To the best of our knowledge, this is the third study in Zambia to track the movement of referred sputum samples. The study provides useful information and a framework that can be used to evaluate sputum courier systems in other settings. Because of the small number of health facilities involved, coupled with the use of non-probability sampling, results from this study may not be generalisable to other settings. This is one of the major limitations of our study. The other limitation was the missing dates in registers at almost all the stages of the referral cascade. This reduced the number of samples included in the calculation of TATs. Additionally, we did not investigate attitudes and practices of healthcare workers, which may also contribute to loss of sputum specimens along the referral cascade. Broader research is recommended to understand how factors not investigated by this study may contribute to loss of sputum samples along the referral cascade.
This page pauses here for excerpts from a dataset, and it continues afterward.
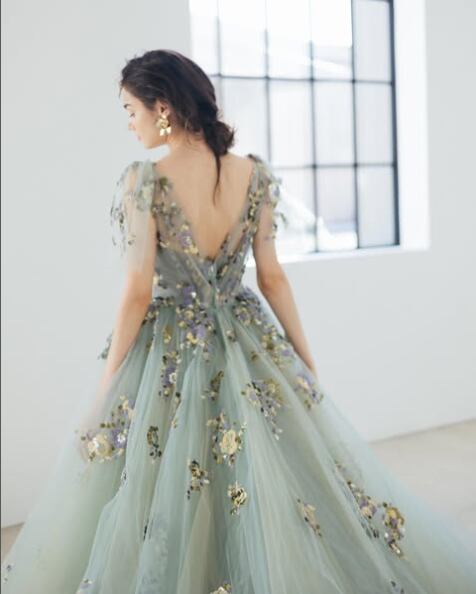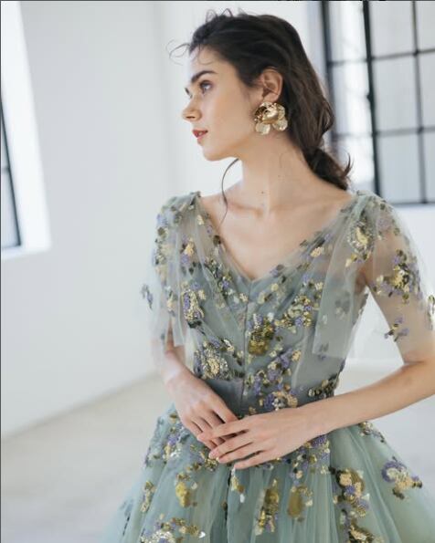 美品!フェミニン ブルーグリーン 半袖 vネック カラードレス 繊細レース 花モチーフ刺繡 二次会ドレス/前撮り パーティードレス【色変更可能】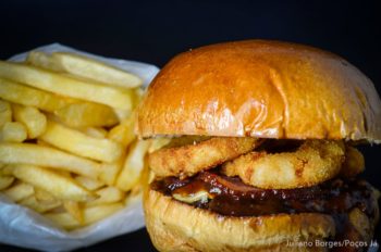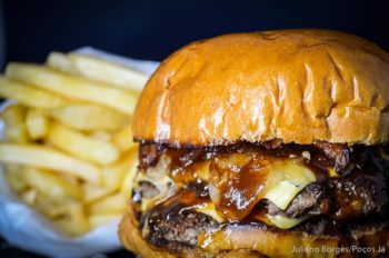 Pão, hambúrguer, queijo prato, bacon, onion rings, barbecue e geleia de bacon (R$ 22,90 simples e R$ 27,90 duplo).
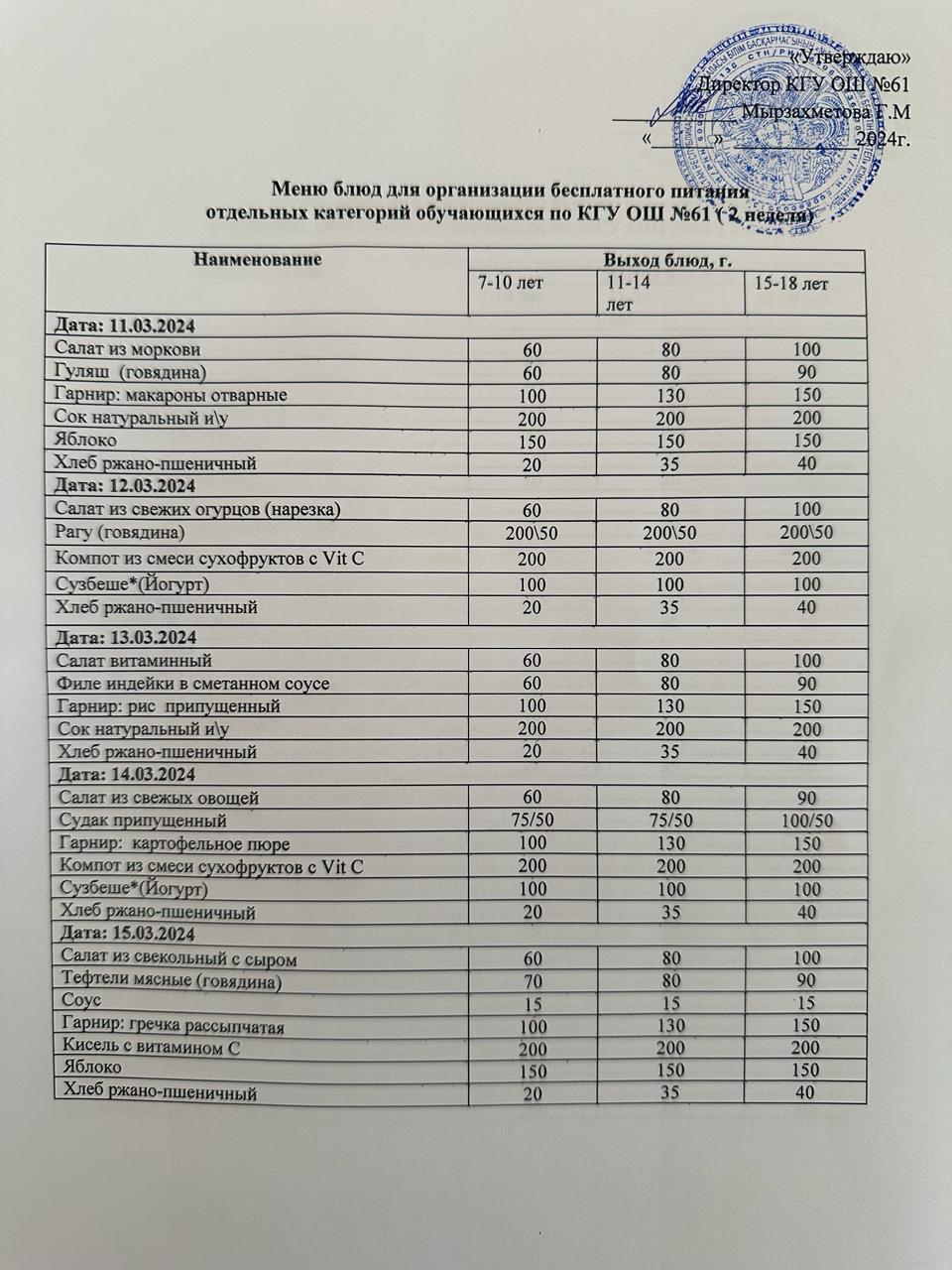 Меню 2 неделя (11.03-15.03.2024)

This study has shown that, in general, the sputum sample referral system for Mpongwe District was performing well. Notwithstanding this result, some samples were getting lost at three points: (1) sputum submission, (2) sputum transportation and (3) sputum testing in the laboratory. Inadequate staff trained in sputum collection and packaging and weaknesses in transportation and monitoring systems could be some of the factors contributing to losses in the referral cascade for Mpongwe District. Other factors include the lack of SOPs on sputum handling and lack of packaging materials such as Ziploc bags. Mpongwe District Health Office should put in place measures to avoid losses in the sputum sample referral cascade, including developing a strong system (with SOPs) to regularly monitor and evaluate the movement of sputum samples along the referral cascade. Staff in non-diagnostic facilities should also be trained in sputum sample collection and regularly supervised to ensure accuracy in recording and reporting. The District Health Office should also consider carrying out a follow-up study that will involve all health facilities in the district, including those without a formalised courier system. This will give a holistic view of performance of the referral system, and increase generalisability of the findings.
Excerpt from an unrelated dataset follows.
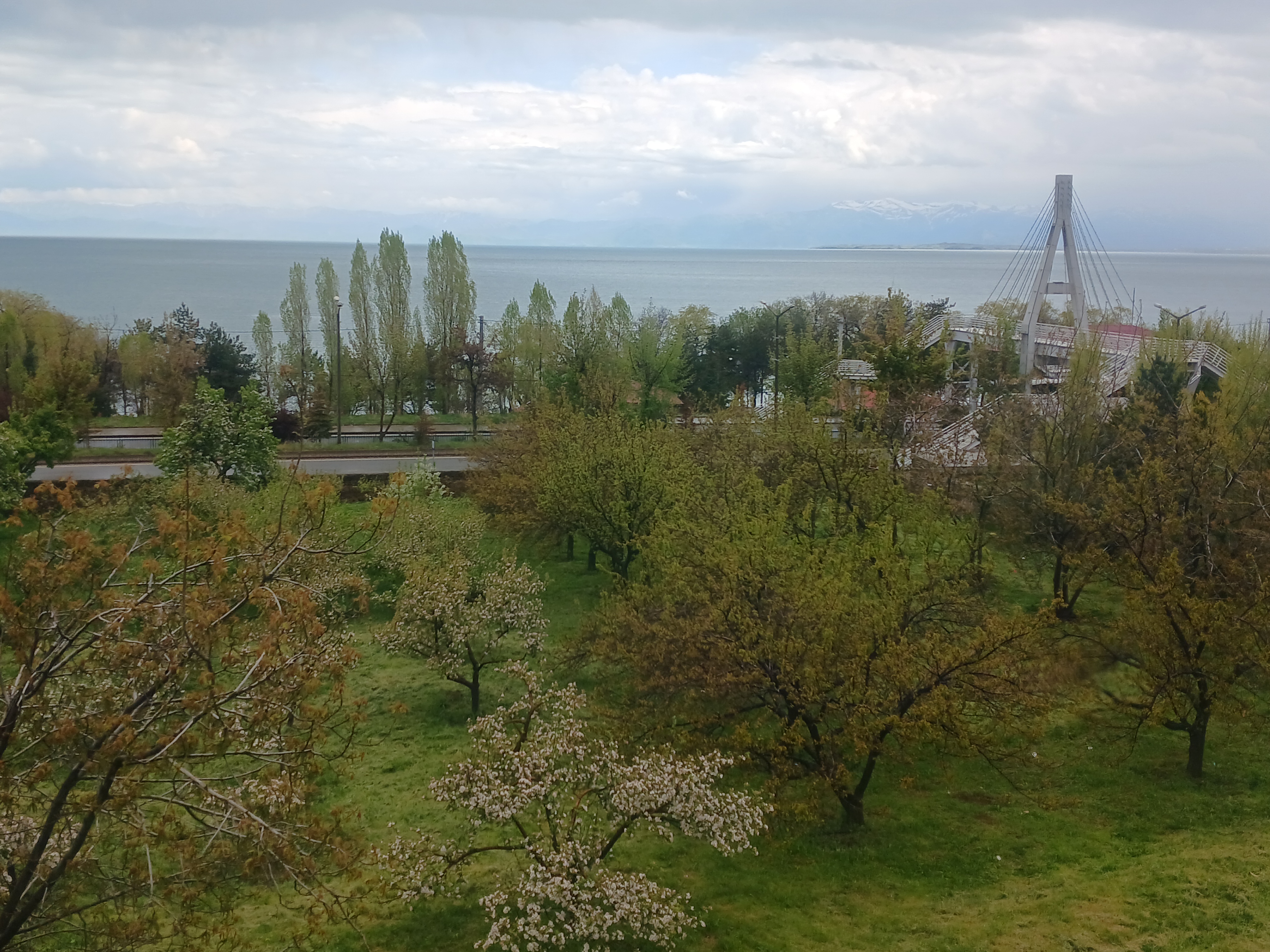 Gökyüzünün mavisiyle gölün laciverdi birbirine karışırken, kıyı boyunca sıralanan ağaçların dalları bin bir çeşit çiçekle süsleniyor. Pembenin, beyazın ve diğer canlı tonların ahenkli dansı, görenleri adeta büyülüyor.

The authors would like to thank PATH and Zambart for the training, technical support and mentorship through the USAID Eradicate TB Project. They would also like to thank the Mpongwe District Health Director Dr. Peter Mulenga for supporting this research. They also thank staff in all the six health facilities included in this study for their support and cooperation during data collection for this the study.

Competing interests

The authors declare that they have no financial or personal relationships that may have inappropriately influenced them in writing this article.

Authors’ contributions

This research was conducted as part of the operational research capacity building programme for the USAID Eradicate TB Project. Trainees L.N. and E.C. wrote the proposal, collected and analysed the data, and drafted the manuscript for the study. Trainer, J.B., mentored trainees during proposal development, data collection, data analysis and manuscript development. R.K. and A.M. reviewed and made substantial edits and comments in both the proposal and manuscript. I.T. and V.M. reviewed and made edits to this manuscript.

Funding information

To conduct this study, no external funds were received. The study was conducted in operational settings using existing Mpongwe District Health Office resources. The training programme under which this study was conducted was funded by PATH through the USAID Eradicate TB Project.

Data availability

The data presented in this study are available from the corresponding author on reasonable request.


The views and opinions expressed in this article are those of the authors and do not necessarily reflect the official policy or position of any affiliated agency of the authors.